Arundhati Ghosh of the Indian Foreign Service (1963 batch), who recently passed away in New Delhi, came into prominence in 1971, during the Bangladesh liberation war. On March 25, 1971, the Bengalis of the then East Pakistan rose in revolt against the colonial domination and exploitation by the Punjabis of West Pakistan and declared independence. Indepen-dent Bangladesh came into being. The Pakistani rulers unleashed a reign of terror on the unarmed Bengalis of East Bengal. They became the easy target of the Pakistan Army. Their property was looted and burnt, their womenfolk were raped and innocent men, women and children massacred by the Pakistani Army which came to be known as the ‘Khan sena’.

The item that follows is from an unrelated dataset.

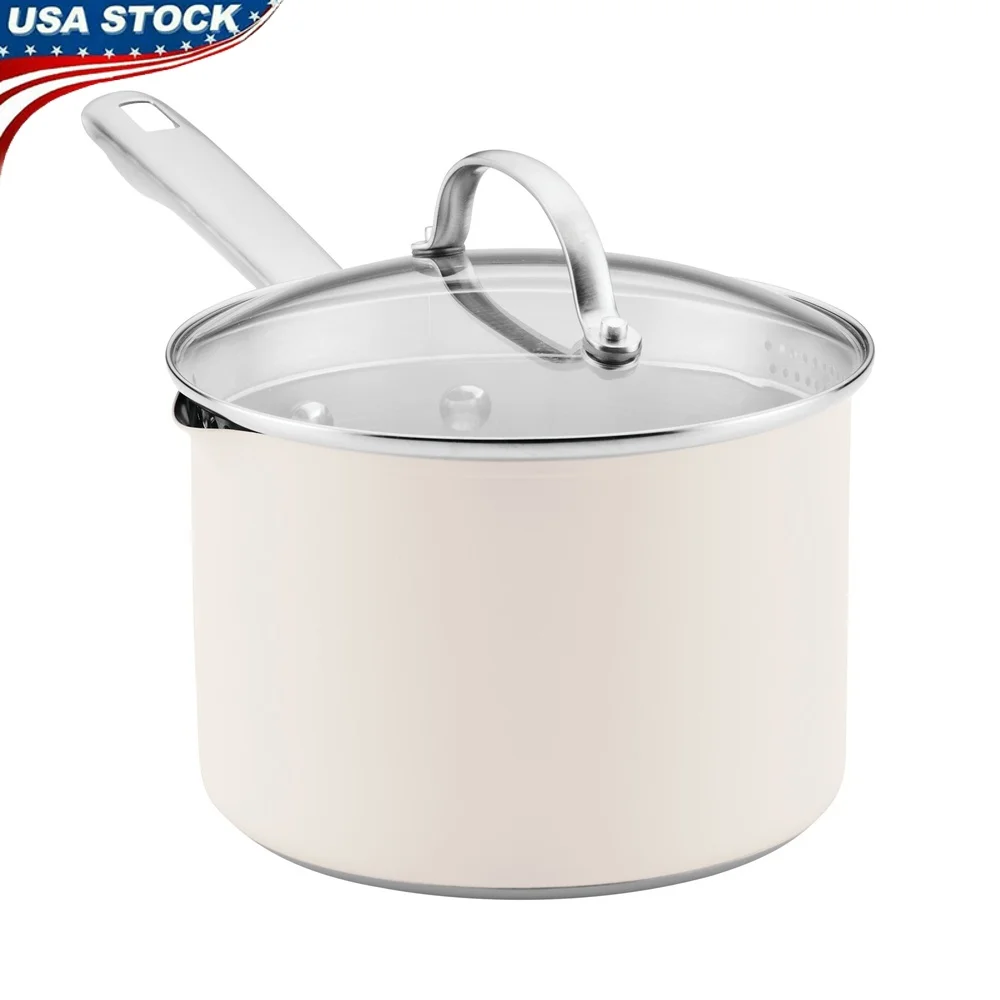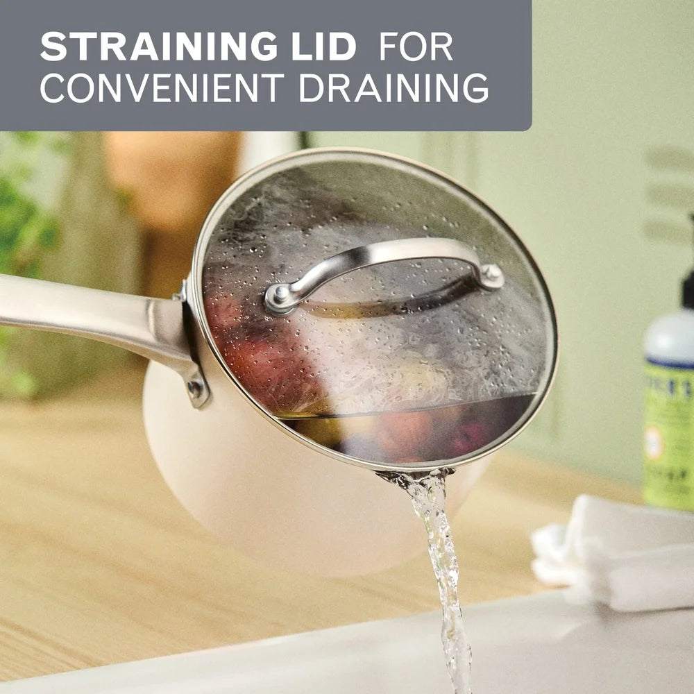 Luster 3-Quart Stainless Steel Straining Saucepan with Lid Dishwasher Safe Oven Safe Heat Conductive Aluminum Modern Cookware

Tens of thousands of panicky Bengalis started pouring into the neighbouring Indian States of Bengal, Assam, Meghalaya and Tripura to save their lives. Accommodating and feeding the Bangladesh evacuees became a major problem for the Government of India. Sealing the 2217 km long West Bengal-Bangladesh porous border was neither physically possible nor desirable from the humanitarian point of view.

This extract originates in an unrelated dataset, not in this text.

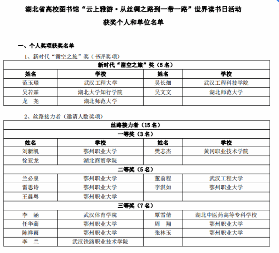 本网讯(通讯员 杨茜 范玉璟)近日,由湖北省高等学校图书情报工作委员会主办,湖北省高等学校图书情报工作委员会阅读推广专业委员会承办的湖北省高校图书馆“云上雅游·从丝绸之路到一带一路”世界读书日活动评选结果出炉。我校继续教育学院董前程同学荣获“丝路接力者”二等奖,图书馆范玉璟老师获得“新时代凿空之旅”书评一等奖,图书馆杨茜老师获得优秀指导老师奖,我校图书馆荣获优秀组织单位奖。

Several lakh Bengali-speaking people crossed the border and took shelter in the villages of West Bengal. By May 1971, the Central Govern-ment opened an office in Writers’ Buildings (which was the seat of the State administration) and posted two IFS officers there to deal with the developing situation. One of the two was Arundhati Roy. The other was A.K. Ray. Arundhati’s job was to supervise the evacuee camps and deal with their manifold problems and liaise with the State Government. Arundhati made a mark in her job and became a specialist on the political crisis in Bangladesh.

In December 1971, Prime Minister Indira Gandhi decided to send the Indian Army to help the freedom fighters or the Mukti Bahini of Bangladesh. Within a fortnight Bangladesh was liberated. Arundhati was associated with all the activities that ultimately ended in the defeat of the Pakistani Army. In the fitness of things, Arundhati was posted as a First Secretary in the Indian High Commission in Dhaka—a post she retained for almost three years.

A go-getter type by nature, she had no difficulty in mixing with and befriending the young workers of the Awami League and the two factions of the National Awami Party— Bhasani and Muzaffar. She would sit with them, engage them in adda for hours. She could soon come to the familiar relationship of tui with these youngsters. In the process, she not only made friends among all the major political parties, but, as a diplomat, could get a clear picture of their thinking, of the ideas they had about a host of contemporary problems and of what was going on in their respective parties. She proved more than equal to her sensitive task. The basis of her future rise in her diplomatic career was laid during those eventful days and years in Bangladesh. I still remember her as a bright and jovial young woman in her early thirties, quite uninhibited in her approach but always alert about her duties.

On a personal note I may add that she was the sister of Ruma Pal, a former judge of the Supreme Court, while her brother, Bhaskar Ghosh, was a former chairman of the Prasar Bharati. Her sudden passing away has given me a shock. My tributes to Arundhati.

Now in his mid-eighties, Sukharanjan Sen Gupta is a veteran journalist who had worked for newspapers like Ananda Bazar Patrika and Jugantar and reported widely on the Bangladesh liberation war.